The first was just a regression fix from the multithreading patch series, but it was impressive that multithreading hid a 2.9% instruction count penalty and still showed gains.
One of the new fixes I've been working on is folding ALU operations into texture coordinate writes. This came out of frustration from the instruction selection research I had done the last couple of weeks, where all algorithms seemed like they would still need significant peephole optimization after selection. I finally said "well, how hard would it be to just finish the big selection problems I know are easily doable with peepholes?" and it wasn't all that bad. The win came out to about 1% of instructions, with a similar benefit to overall 3DMMES performance (it's shocking how ALU-bound 3DMMES is)
I also started on a branch to jump to the end of the program when all 16 pixels in a thread have been discarded. This had given me a 7.9% win on GLB2.7 on Intel, so I hoped for similar wins here. 3DMMES seemed like a good candidate for testing, too, with a lot of discards that are followed by reams of code that could be skipped, including texturing. Initial results didn't seem to show a win, but I haven't actually done any stats on it yet. I also haven't done the usual "draw red where we were applying the optimization" hack to verify that my code is really working, either.

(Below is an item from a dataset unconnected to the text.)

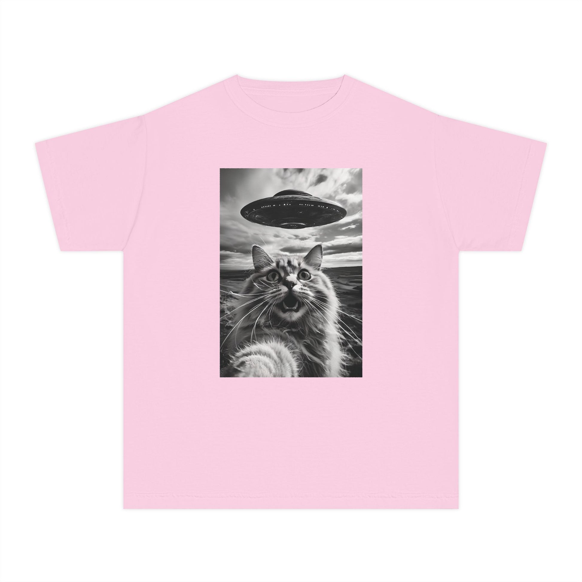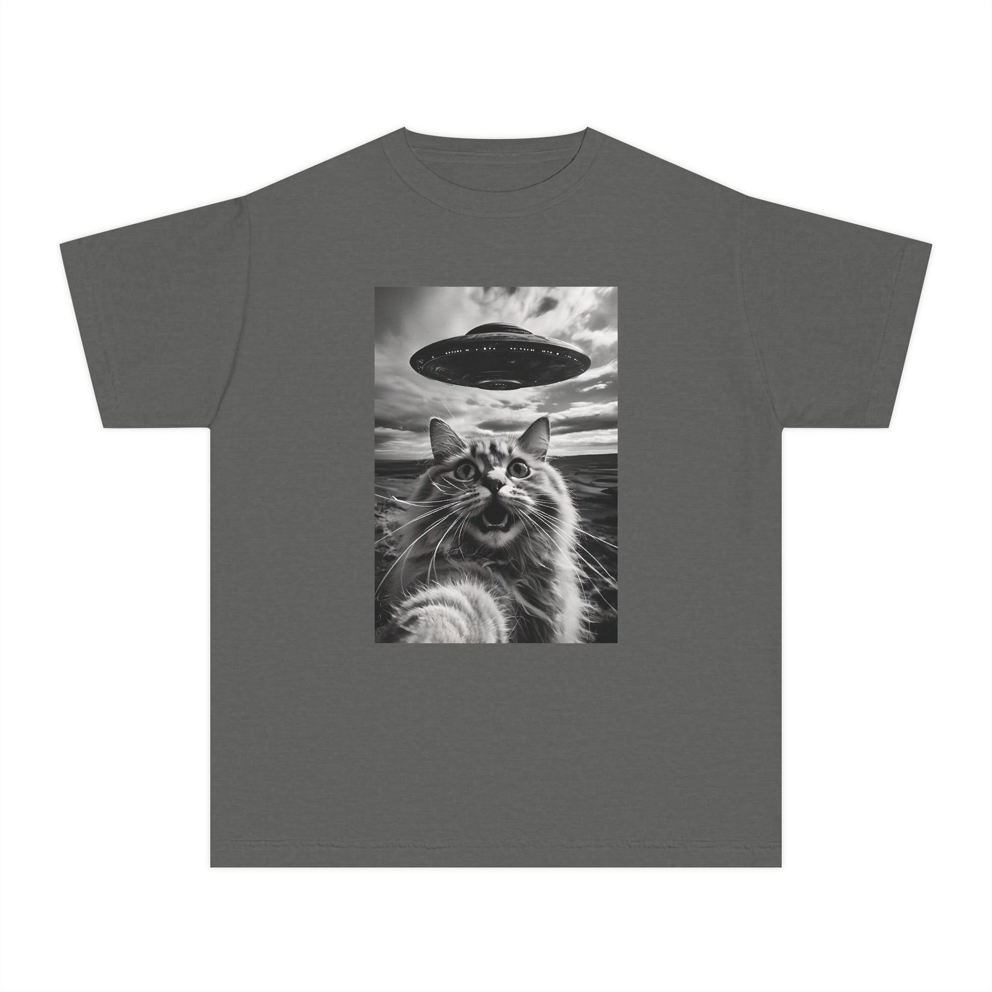 Cat Selfie with Alien UFO Weird Funny Meme Graphic Kids T-Shirt Comfort Colors 9018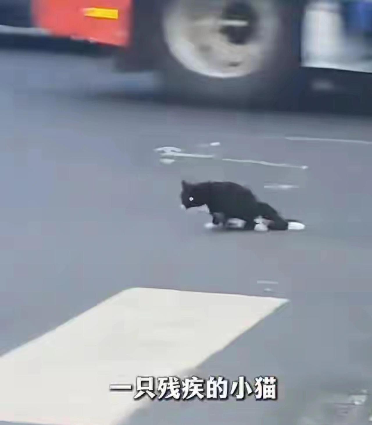 最近有个视频特别暖,在常州街头,一只受伤的小流浪猫,后腿拖着,在车流里很吃力地爬

While I've been working on this, Jonas Pfeil (who originally wrote the multithreading support) has been working on a couple of other projects. He's been trying to get instructions scheduled into the delay slots of thread switches and branching, which should help reduce any regressions those two features might have caused. More exciting, he's just posed a branch for doing nearest-filtered raster textures (the primary operation in X11 compositing) using direct memory lookups instead of our shadow-copy fallback. Hopefully I get a chance to review, test, and merge in the next week or two.
On the kernel side, my branches for 4.10 have been pulled. We've got ETC1 and multithread FS for 4.10, and a performance win in power management. I've also been helping out and reviewing Boris Brezillon's work for SDTV output in vc4. Those patches should be hitting the list this week.